_DATASET CONTENT_

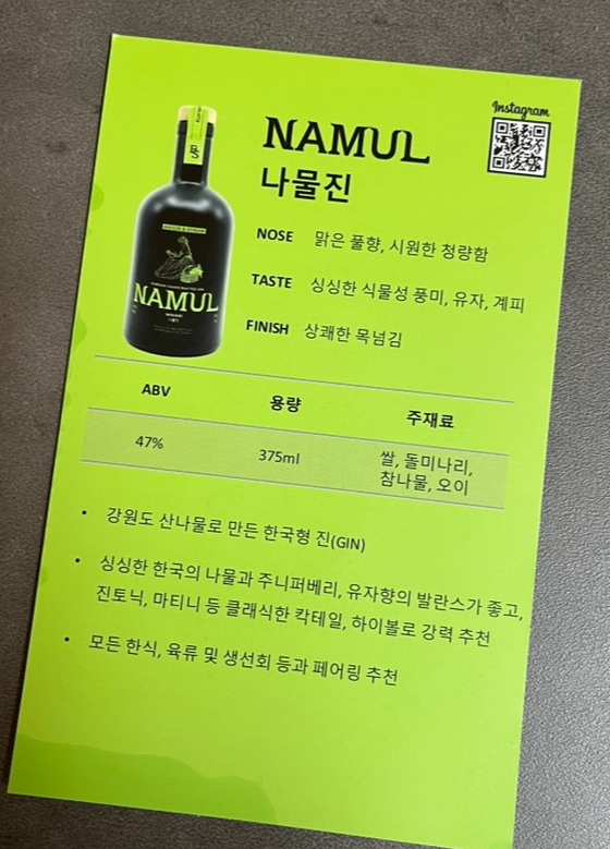 나물진은 강원도 산나물로 만든 한국형 진입니다. 싱싱한 한국의 나물과 주니퍼베리, 유자향의 밸런스가 좋고 진토닉, 마티니 등 클래식한 칵테일이나 하이볼로 마시기 좋은 술입니다.
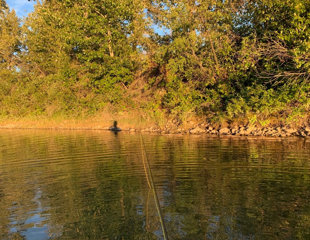 Feeling the wind on my face, the force of the under-current, and the release of a loaded line all made each outing worthwhile. The crowning moment would come when I got to see the sunset. Each time, the multi-coloured sky would take my breath away. Equally important, was the glistening of the sun’s reflection dancing on the water’s surface. It was all I could do to stand motionless with the river rushing past me. Other than the previous night’s spectacular display of evening colours, it was the best motion picture I had ever seen!
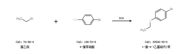 2.通過溴乙烷和4-溴苯硫酚合成1-溴-4-(乙基硫代)苯,收率約91%;
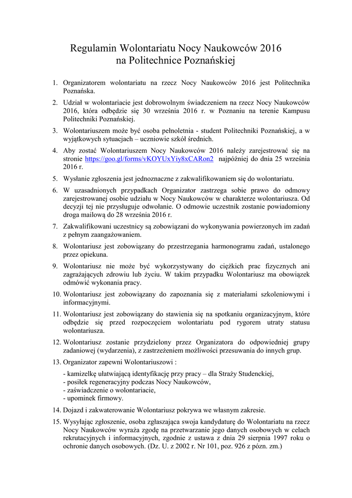 Regulamin Wolontariatu Nocy Naukowców 2016 na Politechnice Poznańskiej 1. Organizatorem wolontariatu na rzecz Nocy Naukowców 2016 jest Politechnika Poznańska. 2. Udział w wolontariacie jest dobrowolnym świadczeniem na rzecz Nocy Naukowców 2016, która odbędzie się 30 września 2016 r. w Poznaniu na terenie Kampusu Politechniki Poznańskiej. 3. Wolontariuszem może być osoba pełnoletnia - student Politechniki Poznańskiej, a w wyjątkowych sytuacjach – uczniowie szkół średnich. 4. Aby zostać Wolontariuszem Nocy Naukowców 2016 należy zarejestrować się na stronie https://goo.gl/forms/vKOYUxYiy8xCARon2 najpóźniej do dnia 25 września 2016 r. 5. Wysłanie zgłoszenia jest jednoznaczne z zakwalifikowaniem się do wolontariatu. 6. W uzasadnionych przypadkach Organizator zastrzega sobie prawo do odmowy zarejestrowanej osobie udziału w Nocy Naukowców w charakterze wolontariusza. Od decyzji tej nie przysługuje odwołanie. O odmowie uczestnik zostanie powiadomiony droga mailową do 28 września 2016 r. 7. Zakwalifikowani uczestnicy są zobowiązani do wykonywania powierzonych im zadań z pełnym zaangażowaniem. 8. Wolontariusz jest zobowiązany do przestrzegania harmonogramu zadań, ustalonego przez opiekuna. 9. Wolontariusz nie może być wykorzystywany do ciężkich prac fizycznych ani zagrażających zdrowiu lub życiu. W takim przypadku Wolontariusz ma obowiązek odmówić wykonania pracy. 10. Wolontariusz jest zobowiązany do zapoznania się z materiałami szkoleniowymi i informacyjnymi. 11. Wolontariusz jest zobowiązany do stawienia się na spotkaniu organizacyjnym, które odbędzie się przed rozpoczęciem wolontariatu pod rygorem utraty statusu wolontariusza. 12. Wolontariusz zostanie przydzielony przez Organizatora do odpowiedniej grupy zadaniowej (wydarzenia), z zastrzeżeniem możliwości przesuwania do innych grup. 13. Organizator zapewni Wolontariuszowi : - kamizelkę ułatwiającą identyfikację przy pracy – dla Straży Studenckiej, - posiłek regeneracyjny podczas Nocy Naukowców, - zaświadczenie o wolontariacie, - upominek firmowy. 14. Dojazd i zakwaterowanie Wolontariusz pokrywa we własnym zakresie. 15. Wysyłając zgłoszenie, osoba zgłaszająca swoja kandydaturę do Wolontariatu na rzecz Nocy Naukowców wyraża zgodę na przetwarzanie jego danych osobowych w celach rekrutacyjnych i informacyjnych, zgodnie z ustawa z dnia 29 sierpnia 1997 roku o ochronie danych osobowych. (Dz. U. z 2002 r. Nr 101, poz. 926 z pózn. zm.)

_TO DO_
A verbatim copy of the listing, with all pictures removed, is required.

_FINISHED TASK_
 나물진은 강원도 산나물로 만든 한국형 진입니다. 싱싱한 한국의 나물과 주니퍼베리, 유자향의 밸런스가 좋고 진토닉, 마티니 등 클래식한 칵테일이나 하이볼로 마시기 좋은 술입니다.
 Feeling the wind on my face, the force of the under-current, and the release of a loaded line all made each outing worthwhile. The crowning moment would come when I got to see the sunset. Each time, the multi-coloured sky would take my breath away. Equally important, was the glistening of the sun’s reflection dancing on the water’s surface. It was all I could do to stand motionless with the river rushing past me. Other than the previous night’s spectacular display of evening colours, it was the best motion picture I had ever seen!
 2.通過溴乙烷和4-溴苯硫酚合成1-溴-4-(乙基硫代)苯,收率約91%;
 Regulamin Wolontariatu Nocy Naukowców 2016 na Politechnice Poznańskiej 1. Organizatorem wolontariatu na rzecz Nocy Naukowców 2016 jest Politechnika Poznańska. 2. Udział w wolontariacie jest dobrowolnym świadczeniem na rzecz Nocy Naukowców 2016, która odbędzie się 30 września 2016 r. w Poznaniu na terenie Kampusu Politechniki Poznańskiej. 3. Wolontariuszem może być osoba pełnoletnia - student Politechniki Poznańskiej, a w wyjątkowych sytuacjach – uczniowie szkół średnich. 4. Aby zostać Wolontariuszem Nocy Naukowców 2016 należy zarejestrować się na stronie https://goo.gl/forms/vKOYUxYiy8xCARon2 najpóźniej do dnia 25 września 2016 r. 5. Wysłanie zgłoszenia jest jednoznaczne z zakwalifikowaniem się do wolontariatu. 6. W uzasadnionych przypadkach Organizator zastrzega sobie prawo do odmowy zarejestrowanej osobie udziału w Nocy Naukowców w charakterze wolontariusza. Od decyzji tej nie przysługuje odwołanie. O odmowie uczestnik zostanie powiadomiony droga mailową do 28 września 2016 r. 7. Zakwalifikowani uczestnicy są zobowiązani do wykonywania powierzonych im zadań z pełnym zaangażowaniem. 8. Wolontariusz jest zobowiązany do przestrzegania harmonogramu zadań, ustalonego przez opiekuna. 9. Wolontariusz nie może być wykorzystywany do ciężkich prac fizycznych ani zagrażających zdrowiu lub życiu. W takim przypadku Wolontariusz ma obowiązek odmówić wykonania pracy. 10. Wolontariusz jest zobowiązany do zapoznania się z materiałami szkoleniowymi i informacyjnymi. 11. Wolontariusz jest zobowiązany do stawienia się na spotkaniu organizacyjnym, które odbędzie się przed rozpoczęciem wolontariatu pod rygorem utraty statusu wolontariusza. 12. Wolontariusz zostanie przydzielony przez Organizatora do odpowiedniej grupy zadaniowej (wydarzenia), z zastrzeżeniem możliwości przesuwania do innych grup. 13. Organizator zapewni Wolontariuszowi : - kamizelkę ułatwiającą identyfikację przy pracy – dla Straży Studenckiej, - posiłek regeneracyjny podczas Nocy Naukowców, - zaświadczenie o wolontariacie, - upominek firmowy. 14. Dojazd i zakwaterowanie Wolontariusz pokrywa we własnym zakresie. 15. Wysyłając zgłoszenie, osoba zgłaszająca swoja kandydaturę do Wolontariatu na rzecz Nocy Naukowców wyraża zgodę na przetwarzanie jego danych osobowych w celach rekrutacyjnych i informacyjnych, zgodnie z ustawa z dnia 29 sierpnia 1997 roku o ochronie danych osobowych. (Dz. U. z 2002 r. Nr 101, poz. 926 z pózn. zm.)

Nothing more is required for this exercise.